(Dataset records)
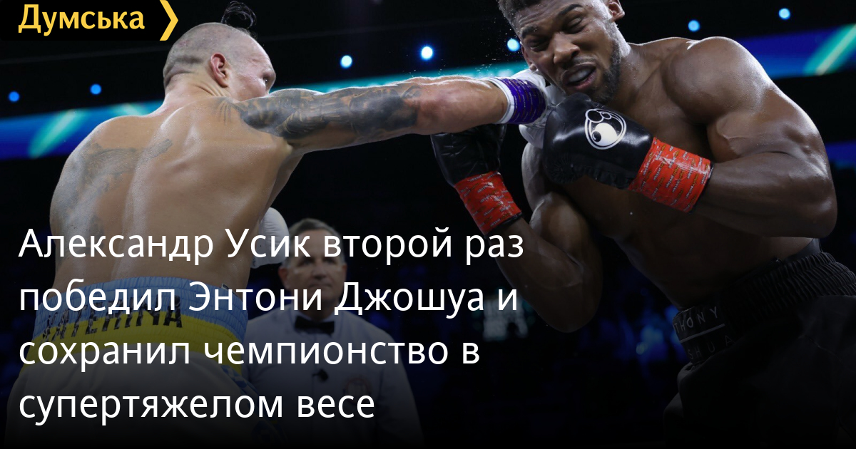 Олександр Усик вдруге переміг Ентоні Джошуа і зберіг чемпіонство у надважкій вазіУкраїнський боксер, чемпіон світу у суперважкій вазі у категоріях WBA, WBO, IBF та IBO знову переміг попереднього володаря цих поясів Ентоні Джошуа. Усик здобув перемогу в Джідді в Саудівській Аравії, вистояв на рингу 12 раундів. Оскільки за цей час жодного із суперників не було нокаутовано, перемогу визначали за допомогою суддівських записок. Дев'ятий та десятий раунди були важкими для Усика, українець отримав кілька серій ударів по корпусу та ледве стримував натиск суперника. У десятому раунді він зміг перехопити ініціативу. Перемогу прокоментував президент України Володимир Зеленський. «Захист титулу чемпіона світу – символ того, що всі, хто козацького роду, свого не віддадуть, боротимуться за це та обов'язково переможуть!» — зазначив він. Нагадаємо, попереднього разу Усик переміг Джошуа у вересні минулого року. Помітили помилку? Виділяйте слова з помилкою та натискайте control-enter |
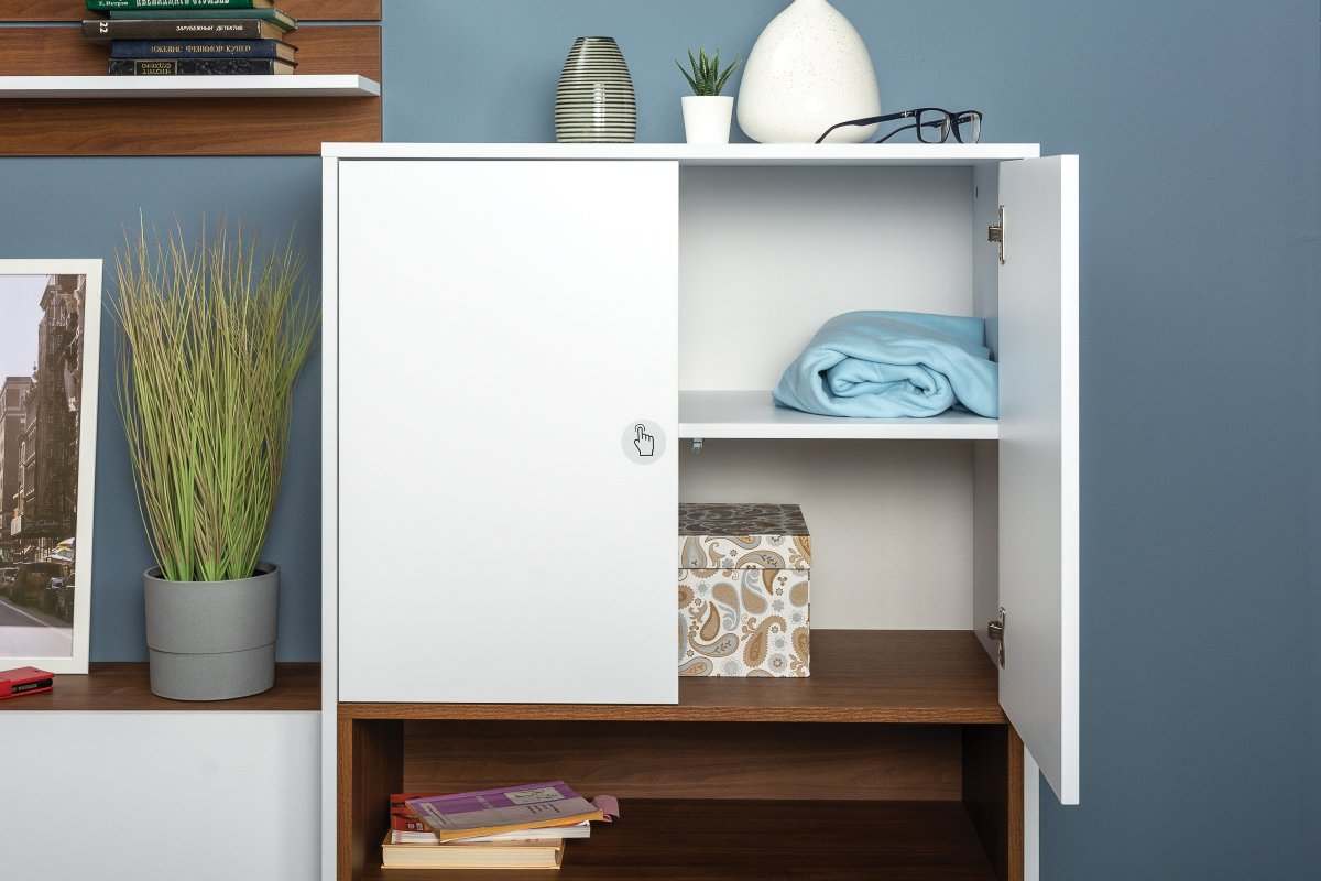 Шкаф навесной 1 дверь «Гринвич» 08.117 Орех Селект Каминный/Белый премиум
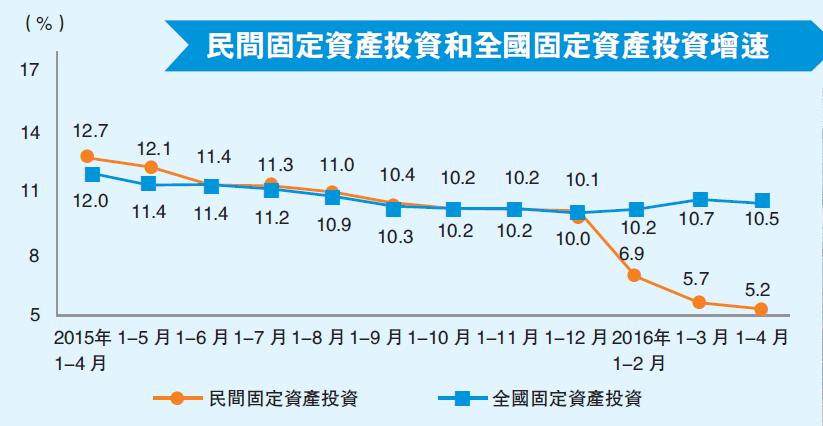 国家统计局的数据也证明了这一点,数据显示,今年一季度中国GDP实现了6.7%的平稳增速,各项数据也呈现出企稳回升的势头,其中固定资产投资85843亿元,同比名义增长10.7%。然而,在总投资回升的情况下,一季度民间投资的增速却出现明显下滑,总额53197亿元,同比增长仅5.7%,大幅落后於全社会固定资产投资5个百分点,比2015年全年增速降低了4.4个百分点。
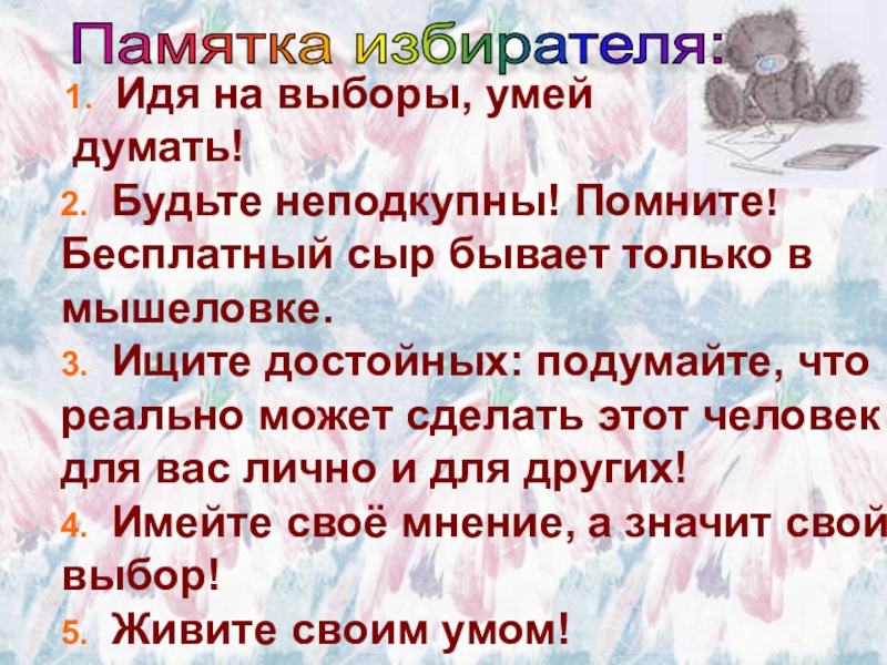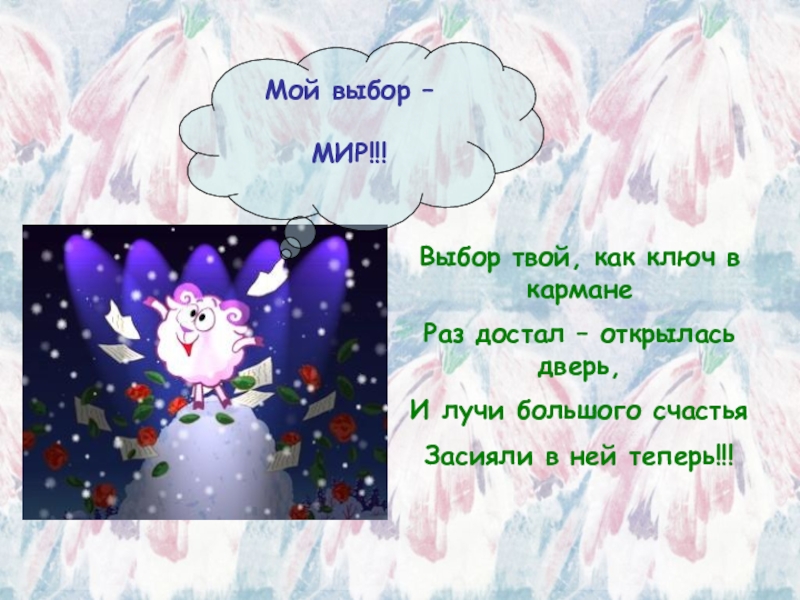 Это сайт презентаций, где можно хранить и обмениваться своими презентациями, докладами, проектами, шаблонами в формате PowerPoint с другими пользователями. Мы помогаем школьникам, студентам, учителям, преподавателям хранить и обмениваться учебными материалами.
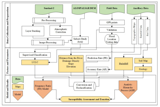 Flood disasters have become the most frequent natural phenomenon due to climate change and environmental factors. There is a significant threat to human lives worldwide because most countries are susceptible to flood hazards, and it causes different types of damage, such as physical, social, and economic damage. Floods cause damage everywhere, especially in agricultural areas and infrastructure sectors near rivers. This phenomenon may be due to no proper mapping or preventive measures or different parameters, such as the drainage density and slope. Floods occur due to several reasons. Heavy rainfall is one of the significant reasons behind floods. Floods are caused when it rains heavily and discharge exceeds the capacity of rivers, dams, and canals [1,2,3]. Flood risk modeling is an essential strategy for flood management and mitigation [4,5]. Furthermore, some human factors affect recurrent floods, among which are changes in land use, channel manipulation, construction of bridges, barrages, agriculture practices in river beds, and deforestation [6,7,8]. Therefore, initial measures should be taken to minimize flood hazard damage. Such susceptibility analysis needs to be done, and risk analysis should be performed as early as possible [9,10].
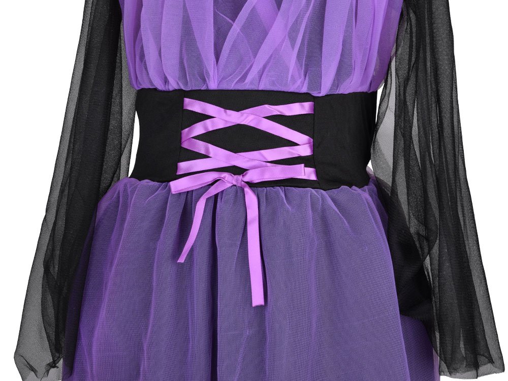 • Haljina je izrađena od elastičnog crnog materijala, sa slojem ljubičastog tila i ukrasnom trakom koja krasi pojas haljine
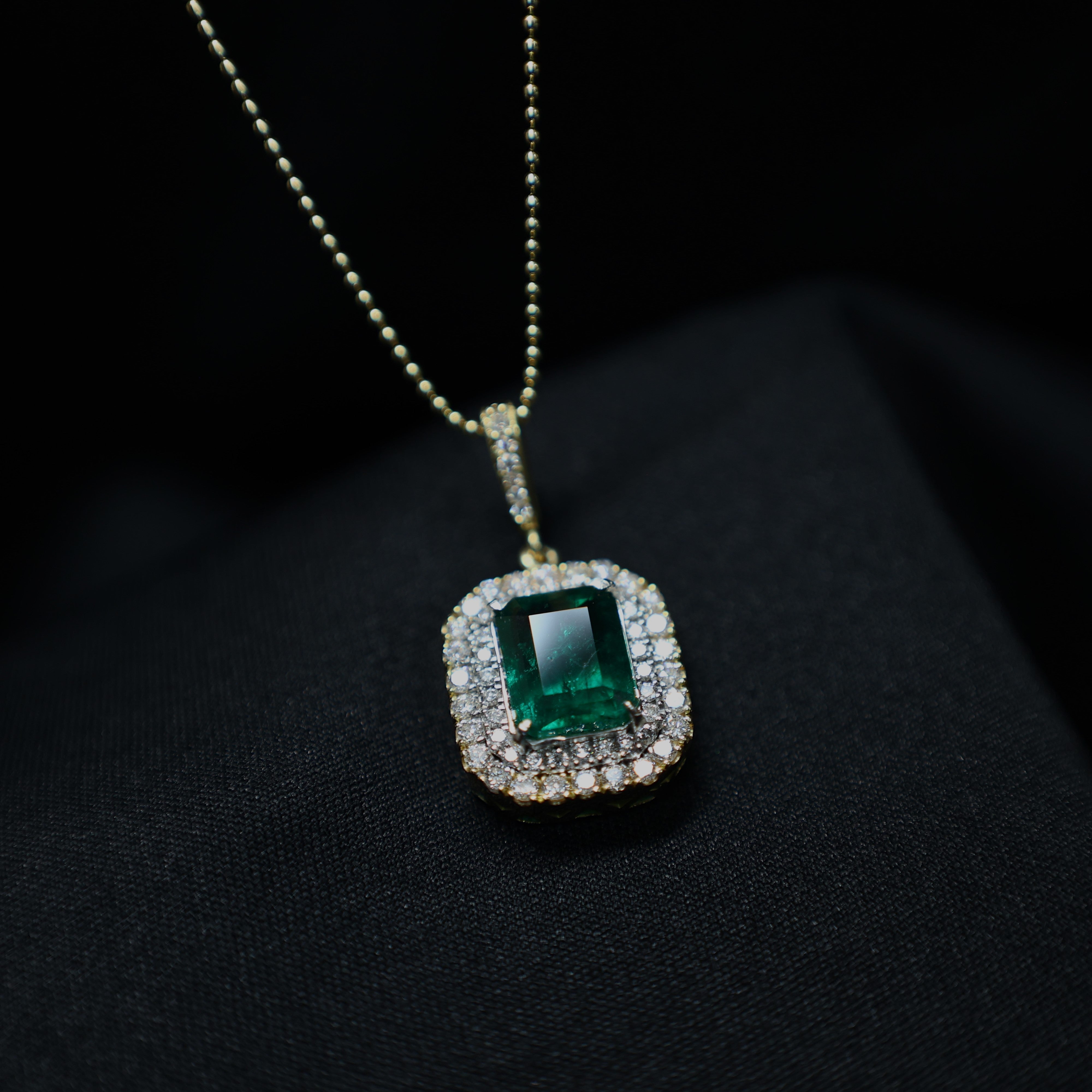 Round Marquis Pendant with Central Emerald and Zircon Accents

*What you need to do*
What is needed is an exact copy of the lines from the start of the records through the line containing "Это сайт презентаций, где", with no pictures.

*Solution*
 Олександр Усик вдруге переміг Ентоні Джошуа і зберіг чемпіонство у надважкій вазіУкраїнський боксер, чемпіон світу у суперважкій вазі у категоріях WBA, WBO, IBF та IBO знову переміг попереднього володаря цих поясів Ентоні Джошуа. Усик здобув перемогу в Джідді в Саудівській Аравії, вистояв на рингу 12 раундів. Оскільки за цей час жодного із суперників не було нокаутовано, перемогу визначали за допомогою суддівських записок. Дев'ятий та десятий раунди були важкими для Усика, українець отримав кілька серій ударів по корпусу та ледве стримував натиск суперника. У десятому раунді він зміг перехопити ініціативу. Перемогу прокоментував президент України Володимир Зеленський. «Захист титулу чемпіона світу – символ того, що всі, хто козацького роду, свого не віддадуть, боротимуться за це та обов'язково переможуть!» — зазначив він. Нагадаємо, попереднього разу Усик переміг Джошуа у вересні минулого року. Помітили помилку? Виділяйте слова з помилкою та натискайте control-enter |
 Шкаф навесной 1 дверь «Гринвич» 08.117 Орех Селект Каминный/Белый премиум
 国家统计局的数据也证明了这一点,数据显示,今年一季度中国GDP实现了6.7%的平稳增速,各项数据也呈现出企稳回升的势头,其中固定资产投资85843亿元,同比名义增长10.7%。然而,在总投资回升的情况下,一季度民间投资的增速却出现明显下滑,总额53197亿元,同比增长仅5.7%,大幅落后於全社会固定资产投资5个百分点,比2015年全年增速降低了4.4个百分点。
 Это сайт презентаций, где можно хранить и обмениваться своими презентациями, докладами, проектами, шаблонами в формате PowerPoint с другими пользователями. Мы помогаем школьникам, студентам, учителям, преподавателям хранить и обмениваться учебными материалами.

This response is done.